How to Train your Text‑to‑Image Model: Evaluating Design Choices for Synthetic Training Captions

Adobe Applied Research · hessian.AI · TU Darmstadt · DFKI
arXiv preprint 2025

Abstract

Training data is at the core of any successful text‑to‑image model. Yet web‑scraped image captions are notoriously noisy and inconsistent. Recent works therefore replace them with synthetic captions – but optimal design choices remain unclear. We systematically investigate how caption density, quality and diversity affect downstream diffusion models. Dense, high‑quality captions improve prompt alignment but often hurt output aesthetics and variety. Conversely, sampling captions of randomized length yields balanced gains in aesthetics and alignment without sacrificing diversity. Finally, we show that caption distributions strongly influence societal bias in generated images. Our study provides practical guidance for crafting more effective training data for text‑to‑image generation.

Core Insights

We ran dozens of experiments on different synthetic captioning strategies for text-to-image pretraining influece downstream so you don't have to. Here are the main takeaways.

Key Recommendations:

  • Use strong VLM: High-quality base captions from advanced models with carefully crafted prompts significantly improve downstream performance
  • Use varied caption lengths: Random sampling of caption lengths (5-50 words) provides the best balance of aesthetics and alignment
  • Avoid overly dense captions: While detailed descriptions improve prompt following, they can hurt visual quality and diversity. Especially for short prompts.

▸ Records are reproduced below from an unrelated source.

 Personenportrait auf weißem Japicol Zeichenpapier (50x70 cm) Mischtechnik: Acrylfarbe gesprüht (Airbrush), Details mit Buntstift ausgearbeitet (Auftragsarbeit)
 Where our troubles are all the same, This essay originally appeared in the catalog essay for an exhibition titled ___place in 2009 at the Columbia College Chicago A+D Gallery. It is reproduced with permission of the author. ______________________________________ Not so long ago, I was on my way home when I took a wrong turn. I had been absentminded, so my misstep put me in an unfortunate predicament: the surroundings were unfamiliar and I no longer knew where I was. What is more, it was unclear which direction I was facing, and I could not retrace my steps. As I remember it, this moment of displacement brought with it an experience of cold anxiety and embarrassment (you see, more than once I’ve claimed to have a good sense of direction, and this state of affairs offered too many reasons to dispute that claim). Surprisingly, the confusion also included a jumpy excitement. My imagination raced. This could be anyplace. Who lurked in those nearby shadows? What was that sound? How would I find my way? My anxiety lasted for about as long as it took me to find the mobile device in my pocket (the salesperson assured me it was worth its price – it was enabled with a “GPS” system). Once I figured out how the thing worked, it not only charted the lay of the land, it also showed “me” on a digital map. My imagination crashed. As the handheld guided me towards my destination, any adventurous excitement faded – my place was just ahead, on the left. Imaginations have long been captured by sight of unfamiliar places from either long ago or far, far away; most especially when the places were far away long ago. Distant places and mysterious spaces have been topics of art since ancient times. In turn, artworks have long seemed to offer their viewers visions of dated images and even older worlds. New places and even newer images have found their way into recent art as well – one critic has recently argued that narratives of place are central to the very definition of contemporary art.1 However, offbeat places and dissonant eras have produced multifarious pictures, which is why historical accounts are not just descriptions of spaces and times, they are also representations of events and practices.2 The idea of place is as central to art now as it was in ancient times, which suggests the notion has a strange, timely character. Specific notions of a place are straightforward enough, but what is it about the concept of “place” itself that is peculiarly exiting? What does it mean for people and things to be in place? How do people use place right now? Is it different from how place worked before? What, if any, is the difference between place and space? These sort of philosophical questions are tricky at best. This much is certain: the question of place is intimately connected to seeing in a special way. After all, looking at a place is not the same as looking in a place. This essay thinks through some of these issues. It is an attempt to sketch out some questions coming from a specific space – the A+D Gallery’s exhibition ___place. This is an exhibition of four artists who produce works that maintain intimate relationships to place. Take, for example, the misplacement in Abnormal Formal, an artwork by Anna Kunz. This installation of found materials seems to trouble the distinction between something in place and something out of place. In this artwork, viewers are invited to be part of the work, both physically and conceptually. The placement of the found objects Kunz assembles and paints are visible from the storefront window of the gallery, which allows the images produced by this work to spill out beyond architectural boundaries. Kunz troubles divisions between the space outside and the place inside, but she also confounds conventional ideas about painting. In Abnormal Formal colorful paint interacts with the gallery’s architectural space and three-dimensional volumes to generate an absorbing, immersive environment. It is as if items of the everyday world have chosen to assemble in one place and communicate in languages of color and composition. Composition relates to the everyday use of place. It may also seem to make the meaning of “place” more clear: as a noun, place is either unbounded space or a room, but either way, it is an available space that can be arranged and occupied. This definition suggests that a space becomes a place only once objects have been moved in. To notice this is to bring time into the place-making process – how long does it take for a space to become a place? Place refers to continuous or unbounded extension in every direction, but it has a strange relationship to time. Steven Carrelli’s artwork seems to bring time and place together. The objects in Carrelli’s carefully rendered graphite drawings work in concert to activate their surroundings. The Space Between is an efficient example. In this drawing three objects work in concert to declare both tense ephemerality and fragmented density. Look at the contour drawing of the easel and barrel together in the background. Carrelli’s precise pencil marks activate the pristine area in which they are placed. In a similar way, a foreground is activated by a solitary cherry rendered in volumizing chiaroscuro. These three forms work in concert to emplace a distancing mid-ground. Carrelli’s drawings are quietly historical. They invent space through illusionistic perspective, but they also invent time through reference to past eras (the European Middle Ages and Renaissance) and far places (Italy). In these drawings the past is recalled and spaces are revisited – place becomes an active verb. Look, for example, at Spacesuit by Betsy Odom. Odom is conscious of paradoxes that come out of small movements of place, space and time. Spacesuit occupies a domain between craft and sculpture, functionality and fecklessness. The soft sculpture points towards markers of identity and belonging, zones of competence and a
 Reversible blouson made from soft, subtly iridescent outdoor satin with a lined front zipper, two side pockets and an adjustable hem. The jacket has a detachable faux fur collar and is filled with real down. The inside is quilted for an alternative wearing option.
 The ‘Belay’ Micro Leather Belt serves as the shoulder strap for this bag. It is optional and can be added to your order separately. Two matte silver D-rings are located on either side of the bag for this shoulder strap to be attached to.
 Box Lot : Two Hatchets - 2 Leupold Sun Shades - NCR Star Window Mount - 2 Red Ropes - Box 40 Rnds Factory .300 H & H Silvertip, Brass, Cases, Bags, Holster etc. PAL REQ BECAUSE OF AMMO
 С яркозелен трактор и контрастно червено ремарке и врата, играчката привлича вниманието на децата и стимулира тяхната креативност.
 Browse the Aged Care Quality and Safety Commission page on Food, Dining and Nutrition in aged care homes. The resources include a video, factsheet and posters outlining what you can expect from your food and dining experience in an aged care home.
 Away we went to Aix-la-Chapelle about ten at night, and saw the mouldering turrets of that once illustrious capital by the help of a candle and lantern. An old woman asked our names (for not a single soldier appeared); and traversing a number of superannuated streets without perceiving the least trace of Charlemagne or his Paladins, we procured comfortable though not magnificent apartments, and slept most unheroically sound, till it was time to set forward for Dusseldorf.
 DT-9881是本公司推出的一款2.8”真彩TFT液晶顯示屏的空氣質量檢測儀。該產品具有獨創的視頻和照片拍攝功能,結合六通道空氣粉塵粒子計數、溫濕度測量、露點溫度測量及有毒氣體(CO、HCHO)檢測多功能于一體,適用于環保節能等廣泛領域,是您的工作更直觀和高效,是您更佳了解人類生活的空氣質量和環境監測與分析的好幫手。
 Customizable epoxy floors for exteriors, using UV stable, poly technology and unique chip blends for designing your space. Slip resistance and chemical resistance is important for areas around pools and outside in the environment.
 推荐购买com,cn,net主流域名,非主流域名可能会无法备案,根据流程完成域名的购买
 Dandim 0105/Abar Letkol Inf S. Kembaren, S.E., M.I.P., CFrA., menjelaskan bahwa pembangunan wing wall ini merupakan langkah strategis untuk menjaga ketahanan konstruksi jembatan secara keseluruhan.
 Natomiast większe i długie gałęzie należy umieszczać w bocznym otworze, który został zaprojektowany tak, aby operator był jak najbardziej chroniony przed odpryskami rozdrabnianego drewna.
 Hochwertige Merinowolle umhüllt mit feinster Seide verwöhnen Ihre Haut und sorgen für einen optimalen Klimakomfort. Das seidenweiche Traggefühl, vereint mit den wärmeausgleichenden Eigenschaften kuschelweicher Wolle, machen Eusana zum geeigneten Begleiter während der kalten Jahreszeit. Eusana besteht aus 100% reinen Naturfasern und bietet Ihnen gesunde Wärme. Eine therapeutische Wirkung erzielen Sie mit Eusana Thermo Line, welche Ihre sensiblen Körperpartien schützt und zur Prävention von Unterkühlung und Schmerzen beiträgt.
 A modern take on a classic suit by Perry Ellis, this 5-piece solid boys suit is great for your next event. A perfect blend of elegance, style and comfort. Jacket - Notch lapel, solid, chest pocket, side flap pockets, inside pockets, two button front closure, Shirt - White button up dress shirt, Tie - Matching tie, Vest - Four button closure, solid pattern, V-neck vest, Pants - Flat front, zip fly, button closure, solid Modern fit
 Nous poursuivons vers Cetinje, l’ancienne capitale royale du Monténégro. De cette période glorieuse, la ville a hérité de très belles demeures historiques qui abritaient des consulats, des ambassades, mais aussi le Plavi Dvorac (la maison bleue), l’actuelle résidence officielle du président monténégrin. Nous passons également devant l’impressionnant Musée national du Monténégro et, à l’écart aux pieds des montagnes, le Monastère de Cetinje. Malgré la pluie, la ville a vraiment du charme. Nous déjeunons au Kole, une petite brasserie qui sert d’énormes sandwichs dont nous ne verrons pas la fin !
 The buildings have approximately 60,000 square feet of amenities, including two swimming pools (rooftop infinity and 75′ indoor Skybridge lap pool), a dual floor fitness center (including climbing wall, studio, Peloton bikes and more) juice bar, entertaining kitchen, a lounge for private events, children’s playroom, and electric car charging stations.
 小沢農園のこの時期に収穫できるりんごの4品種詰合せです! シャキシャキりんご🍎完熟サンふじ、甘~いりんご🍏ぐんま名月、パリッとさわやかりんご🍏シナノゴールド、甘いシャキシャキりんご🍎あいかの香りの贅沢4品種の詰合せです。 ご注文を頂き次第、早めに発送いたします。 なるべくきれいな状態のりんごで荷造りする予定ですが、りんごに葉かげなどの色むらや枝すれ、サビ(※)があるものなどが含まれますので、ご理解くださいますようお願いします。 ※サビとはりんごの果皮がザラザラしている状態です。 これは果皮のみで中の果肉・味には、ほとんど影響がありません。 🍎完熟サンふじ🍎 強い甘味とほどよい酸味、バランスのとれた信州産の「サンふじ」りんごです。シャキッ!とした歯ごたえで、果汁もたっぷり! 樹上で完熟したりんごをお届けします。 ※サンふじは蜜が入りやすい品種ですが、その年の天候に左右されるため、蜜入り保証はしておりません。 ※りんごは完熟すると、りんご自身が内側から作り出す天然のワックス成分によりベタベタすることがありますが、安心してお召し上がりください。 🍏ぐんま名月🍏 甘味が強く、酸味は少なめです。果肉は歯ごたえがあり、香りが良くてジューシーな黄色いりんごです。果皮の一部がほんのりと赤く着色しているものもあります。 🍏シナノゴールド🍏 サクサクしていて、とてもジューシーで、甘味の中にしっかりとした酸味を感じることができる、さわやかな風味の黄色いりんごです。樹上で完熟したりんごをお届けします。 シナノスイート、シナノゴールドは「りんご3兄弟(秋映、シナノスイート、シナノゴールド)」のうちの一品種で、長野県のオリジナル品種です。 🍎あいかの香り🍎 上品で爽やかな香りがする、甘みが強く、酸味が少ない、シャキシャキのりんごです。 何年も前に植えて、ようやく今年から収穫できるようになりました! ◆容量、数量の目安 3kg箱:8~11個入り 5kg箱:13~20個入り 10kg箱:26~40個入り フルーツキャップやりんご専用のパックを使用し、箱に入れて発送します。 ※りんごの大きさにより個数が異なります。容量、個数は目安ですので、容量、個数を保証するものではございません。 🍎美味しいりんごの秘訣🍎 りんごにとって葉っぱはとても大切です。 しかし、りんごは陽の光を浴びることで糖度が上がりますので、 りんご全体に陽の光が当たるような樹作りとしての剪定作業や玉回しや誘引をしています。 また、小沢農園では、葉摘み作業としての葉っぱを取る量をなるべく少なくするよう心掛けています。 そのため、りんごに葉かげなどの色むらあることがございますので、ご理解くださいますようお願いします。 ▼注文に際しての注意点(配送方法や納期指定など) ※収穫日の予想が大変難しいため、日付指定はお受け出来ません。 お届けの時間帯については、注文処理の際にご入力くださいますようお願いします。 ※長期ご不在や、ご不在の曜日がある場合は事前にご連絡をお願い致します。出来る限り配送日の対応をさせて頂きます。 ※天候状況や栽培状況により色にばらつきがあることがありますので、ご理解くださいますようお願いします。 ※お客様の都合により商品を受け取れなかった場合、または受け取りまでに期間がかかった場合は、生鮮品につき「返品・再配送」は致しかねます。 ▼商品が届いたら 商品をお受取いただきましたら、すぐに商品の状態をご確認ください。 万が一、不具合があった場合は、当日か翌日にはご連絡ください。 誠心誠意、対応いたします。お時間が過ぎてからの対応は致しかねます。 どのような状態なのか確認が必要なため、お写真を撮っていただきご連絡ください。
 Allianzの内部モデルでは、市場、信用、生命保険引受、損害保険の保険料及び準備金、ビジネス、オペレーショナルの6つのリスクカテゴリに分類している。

1. Model Selection & Caption Density vs Quality Trade-offs

  • Stronger, larger VLMs produce better captions leading to better downstream performance
  • Dense, high-quality captions improve prompt alignment
  • However, they reduce output aesthetics scores
  • Variety in generated images decreases with overly detailed captions

2. Diversify Training Captions

  • Diversity in training captions mitigates aesthetic and alignment trade-offs
  • Randomizing caption lengths provides optimal balance
  • Improves aesthetics & diversity while maintaining alignment gains

  • No improvments from varying captions between epochs or using personas in captioning.

3. Bias Amplification & Mitigation

  • Caption distributions directly influence societal bias in generated images
  • Gender bias increases with stereotypical caption patterns

Datasets

We provide two datasets to facilitate further research and development in synthetic caption design for text-to-image models.

Synthetic Captions Dataset

We release all synthetic captions generated in our study.

  • Over 39M synthetic captions for 1M LAION aesthetics images
  • Sampled from different VLM models
  • Diverse captions over density, captioning setup and sampling strategies

Controlled Evaluation Prompts

Our density controlled evaluation prompts designed to test alignment, aesthetics, and output diversity.

  • 4340 English text-to image prompts
  • Organized into 4 parallel sets at different levels of density/descriptiveness (minimal → long).
  • 1085 short prompts sourced from DrawBench and Parti-Prompts.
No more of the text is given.